N-Acetylputrescine
- Names: IUPAC name N-(4-aminobutyl)acetamide

Identifiers
- CAS Number: 5699-41-2;
- 3D model (JSmol): Interactive image;
- ChEBI: CHEBI:17768;
- ChEMBL: ChEMBL81241;
- ChemSpider: 109095;
- ECHA InfoCard: 100.219.140
- EC Number: 691-457-0;
- KEGG: C02714;
- PubChem CID: 122356;
- UNII: 8FTM5ZL5A6;
- CompTox Dashboard (EPA): DTXSID80205596 ;

Properties
- Chemical formula: C_{6}H_{14}N_{2}O
- Molar mass: 130.19 g/mol

= N-Acetylputrescine =

Endogenous GABA precursor

N-Acetylputrescine (NacPut), also known as monoacetylputrescine, is an endogenous metabolite of putrescine and a precursor and metabolic intermediate in the biosynthesis of γ-aminobutyric acid (GABA) from putrescine.

The metabolic pathway is specifically putrescine into N-acetylputrescine by putrescine acetyltransferase (PAT), N-acetylputrescine into N-acetyl-γ-aminobutyraldehyde (N-acetyl-GABAL or N-acetyl-GABA aldehyde) by monoamine oxidase B (MAO-B), N-acetyl-GABAL into N-acetyl-γ-aminobutyric acid (N-acetyl-GABA) by aldehyde dehydrogenase (ALDH), and N-acetyl-GABA into GABA by an unknown deacetylase enzyme. This pathway is a minor alternative pathway to the major and primary pathway in which GABA is synthesized from glutamate. There is also another alternative pathway in which putrescine is converted into GABA with γ-aminobutyraldehyde (GABAL or GABA aldehyde) as an intermediate instead. It has been estimated that about 2 to 3% of GABA is synthesized from putrescine in the mouse brain, whereas in the case of the rat brain, the amount was negligible.
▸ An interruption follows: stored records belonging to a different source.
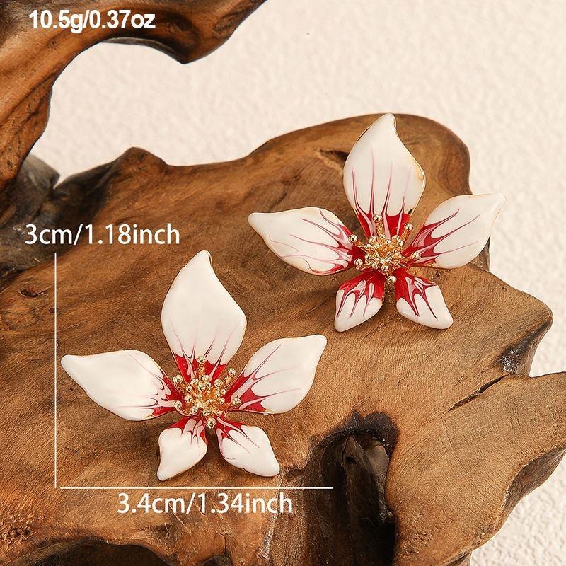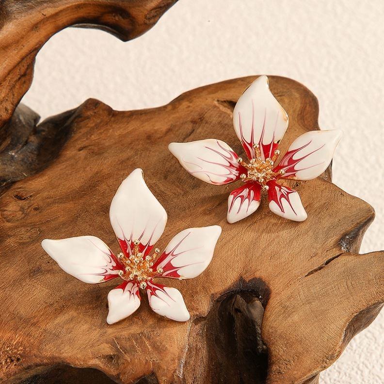 ต่างหูแบบติดหูทรงดอกไม้ห้ากลีบสีชมพูไล่เฉด ดีไซน์หวานหรูหรา สไตล์ยุโรปอเมริกัน ชุบทอง ผลิตจากโลหะผสมสังกะสี
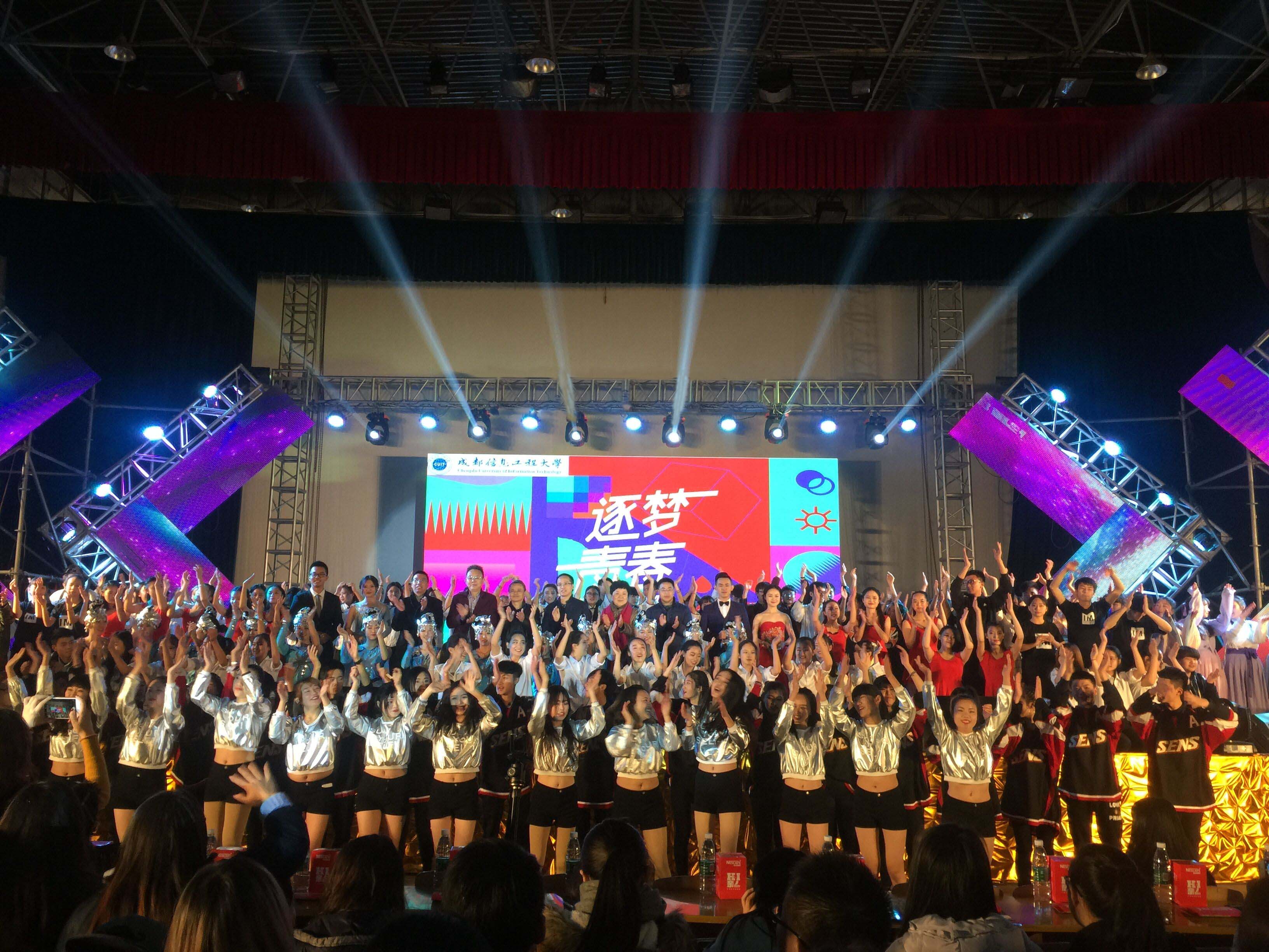 龙泉校区迎新晚会围绕主题“逐梦青春”,分为梦想花开、追梦无悔、放飞梦想三个篇章,由大学生艺术团、学生街舞协会、各学院为2016级新生献上了现代舞《舞动成信》、《木槿花开》,传统文化表演《华夏有衣》、《跪羊图》,民族舞蹈《水姑娘》,交响乐演奏《贝加尔湖畔》,流行歌舞《GIVE IN TO ME》、《just believe》以及校团委李然老师与同学们合唱的歌曲串烧《我们的温柔》等十余个精彩纷呈的节目,得到了同学们的广泛好评。此次晚会还将当今流行的电子音乐融入其中,让同学们感受到了别样的校园文化氛围。随着舞蹈《舞出我人生》,“逐梦青春”龙泉校区迎新生晚会划上圆满句号。
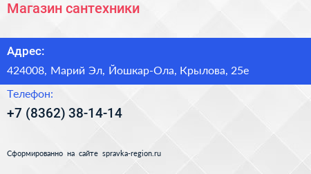 Магазин сантехники по адресу 424008, Марий Эл, Йошкар-Ола, Крылова, 25е в дальнейшем Организация, размещена в следующих категориях:
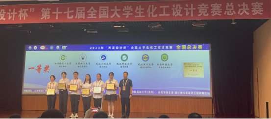 8月16~22日,在中国化工学会、中国化工教育协会主办的2023“天正设计杯”第十七届全国大学生化工设计竞赛全国总决赛中,2020级杜昕宇、姚舜、吕怡恬、李聪、李烨琪组成的“精艺求腈”队,在盛清涛、邱丽、牛艳霞、闫晓亮、张玮老师的指导下,荣获全国总决赛一等奖。全国共有432所高校的3391支队伍报名参加本届赛事,最终共有60支队伍进入全国总决赛。
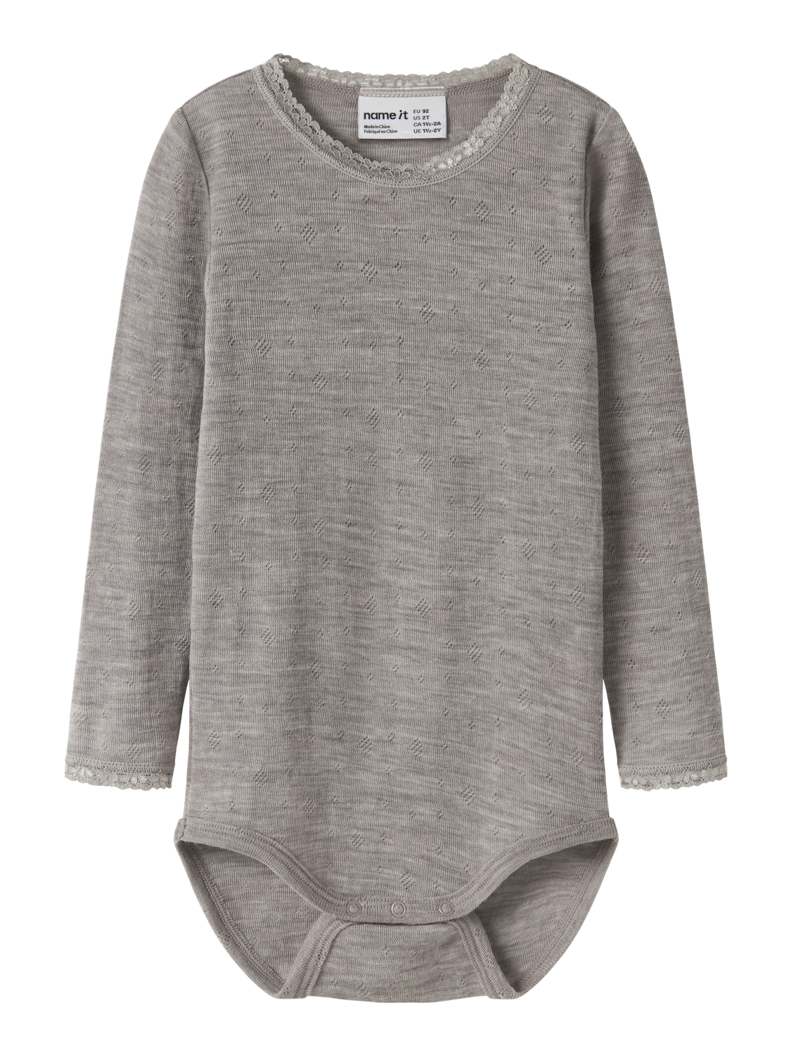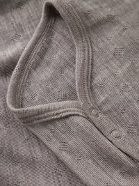 Denne bodystocking i blød merinould er designet til små piger og kombinerer komfort med et sødt, unikt udtryk takket være needle drop-teknikken, der skaber fine mønstre med dropped stitches. Den har en rund halsudskæring og lange ærmer, som gør den perfekt til køligere efterårsdage. En fin blondekant tilfører et feminint touch, mens trykknapper i skridtet gør det nemt at tage bodystockingen af og på.
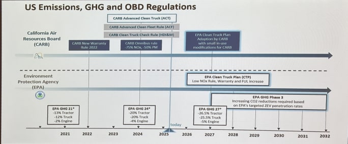During another TMC session, "Catching Up With CARB," a slide showed the complexity of the overlapping EPA and California emissions regulations.
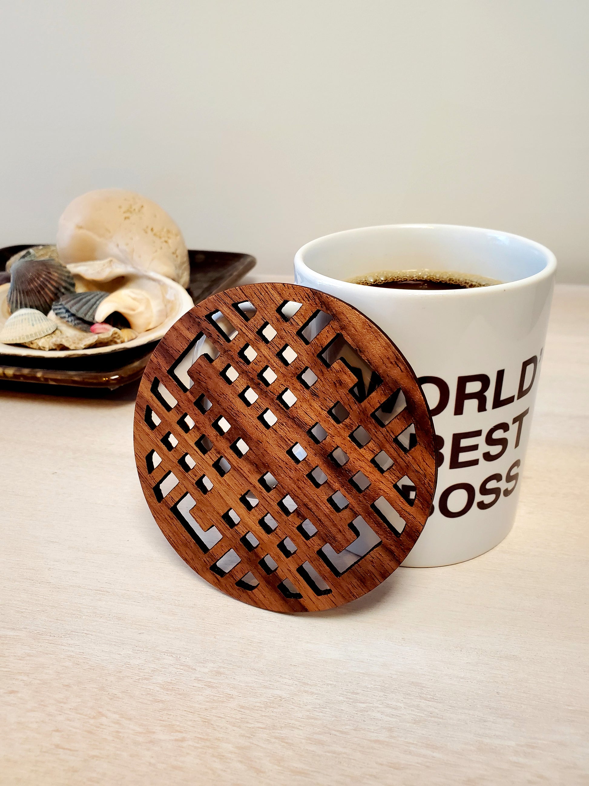 These standard-size round coasters are designed in-house and come in a variety of styles to choose from.
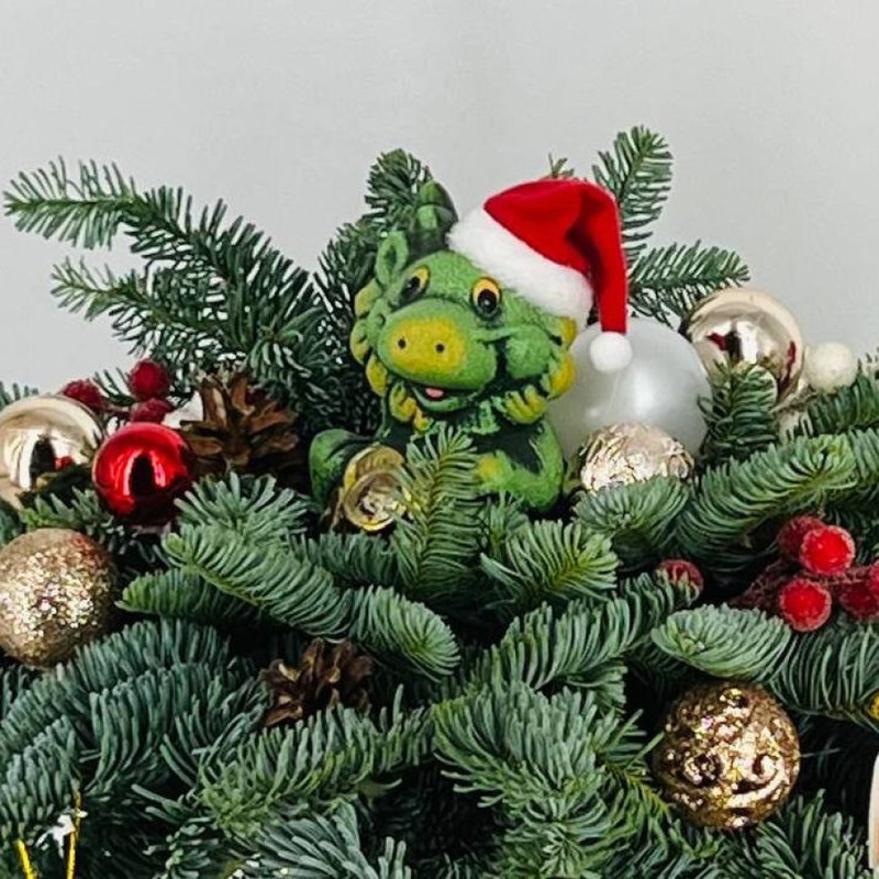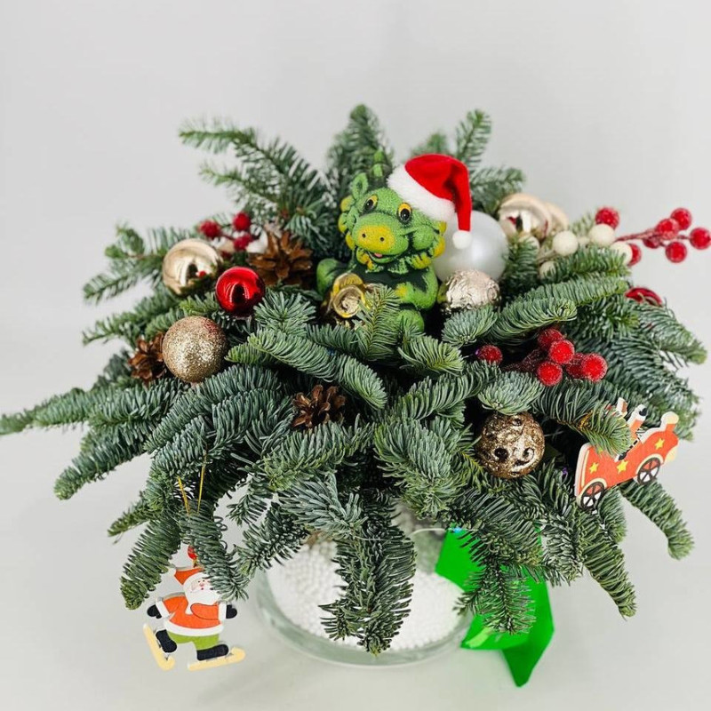 Авторский букет из живой хвои нобилис в стекле с сувениром денежный дракон, стандартный

In 2021, it was discovered that MAO-B does not mediate dopamine catabolism in the rodent striatum but instead participates in striatal GABA synthesis and that synthesized GABA in turn inhibits dopaminergic neurons in this brain area. It has been found that MAO-B, via the putrescine pathway, importantly mediates GABA synthesis in astrocytes in various brain areas, including in the hippocampus, cerebellum, striatum, cerebral cortex, and substantia nigra pars compacta (SNpc). These findings may warrant a rethinking of the actions of MAO-B inhibitors in the treatment of Parkinson's disease.